There was no objection to the defective bill of information on a timely basis. The motion for mistrial was directed more toward the jury charge, which was a correct statement of the law, than to the defective nature of the bill of information. Furthermore, a review of the entire record amply demonstrates that the defendant and his attorney were on notice that the State contended that he concealed the knives, as required to commit the offense of violating La. R.S. 14:95.1. For example, at arraignment the State turned over a copy of the police report to defense counsel. In that report, found in the record at pages 223-24, the offense is specifically listed as possessing or carrying of a concealed weapon. In the narrative portion, the detective who prepared the report stated that he advised the defendant that he was going to be arrested for carrying a concealed weapon.
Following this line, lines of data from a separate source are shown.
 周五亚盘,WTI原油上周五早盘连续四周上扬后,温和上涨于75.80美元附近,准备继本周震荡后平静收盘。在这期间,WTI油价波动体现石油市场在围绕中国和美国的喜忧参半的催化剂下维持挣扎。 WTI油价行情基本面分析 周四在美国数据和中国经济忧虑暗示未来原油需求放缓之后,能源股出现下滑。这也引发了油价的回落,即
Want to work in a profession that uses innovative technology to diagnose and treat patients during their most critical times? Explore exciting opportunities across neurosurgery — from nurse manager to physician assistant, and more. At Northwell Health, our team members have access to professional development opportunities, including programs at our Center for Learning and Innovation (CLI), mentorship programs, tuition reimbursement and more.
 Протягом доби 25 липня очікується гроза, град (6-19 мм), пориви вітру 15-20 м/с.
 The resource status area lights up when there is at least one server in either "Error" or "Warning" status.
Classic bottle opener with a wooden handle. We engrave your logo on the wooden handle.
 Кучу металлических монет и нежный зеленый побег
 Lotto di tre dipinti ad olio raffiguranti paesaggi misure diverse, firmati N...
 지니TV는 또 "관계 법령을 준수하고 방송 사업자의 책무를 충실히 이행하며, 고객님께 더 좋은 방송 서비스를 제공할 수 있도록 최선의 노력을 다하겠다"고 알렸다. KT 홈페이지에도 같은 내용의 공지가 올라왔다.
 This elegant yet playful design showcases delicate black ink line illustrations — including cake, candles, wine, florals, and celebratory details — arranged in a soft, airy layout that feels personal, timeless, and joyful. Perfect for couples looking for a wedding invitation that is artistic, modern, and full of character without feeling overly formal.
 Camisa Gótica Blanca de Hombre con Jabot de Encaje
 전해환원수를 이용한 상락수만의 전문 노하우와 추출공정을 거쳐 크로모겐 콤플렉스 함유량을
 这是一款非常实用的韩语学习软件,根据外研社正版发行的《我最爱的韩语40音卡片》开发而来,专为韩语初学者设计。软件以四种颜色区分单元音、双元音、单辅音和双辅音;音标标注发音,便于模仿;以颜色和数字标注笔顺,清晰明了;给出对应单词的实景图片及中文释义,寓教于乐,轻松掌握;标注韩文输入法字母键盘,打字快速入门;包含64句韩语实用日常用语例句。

At the preliminary examination and motion hearing conducted on September 30, 2010, defense counsel extensively questioned the State's witness about where in the clothing or on his person the defendant allegedly concealed the weapons. At the conclusion of the hearing, the district court specifically found that there was probable cause to hold the defendant for the crime of carrying a concealed weapon

Furthermore, in addition to the jury being correctly instructed on the elements of the offense, the parties discussed the element of concealment of the weapon throughout the voir dire. The jury verdict form correctly provided for [2012-0662 La.App. 4 Cir. 7] three verdicts: (1) Guilty; (2) Guilty of attempted carrying a concealed weapon by a convicted felon; and (3) Not Guilty. Thus, despite the bill of information being defective, the jury was aware throughout the trial that in order to have committed the crime, the defendant had to have concealed the weapon; if the State did not prove concealment beyond a reasonable doubt, the jury could not render a verdict of guilty as charged as it did. The defendant was not convicted of a non-existent crime as he contends.

Based on the entire record, and the failure of the defendant to raise the issue of the defective bill on a timely basis, this assignment of error does not merit reversal of the conviction for violating La. R.S. 14:95.1 because the defendant was not prejudiced.


Accordingly, based on this Court's consideration of the defendant's second assignment error and finding no merit to the defendant's argument, we affirm the defendant's conviction and sentence of fifteen years. However, finding a patent error, the matter is remanded for imposition of the mandatory fine required by La. R.S. 14:95.1.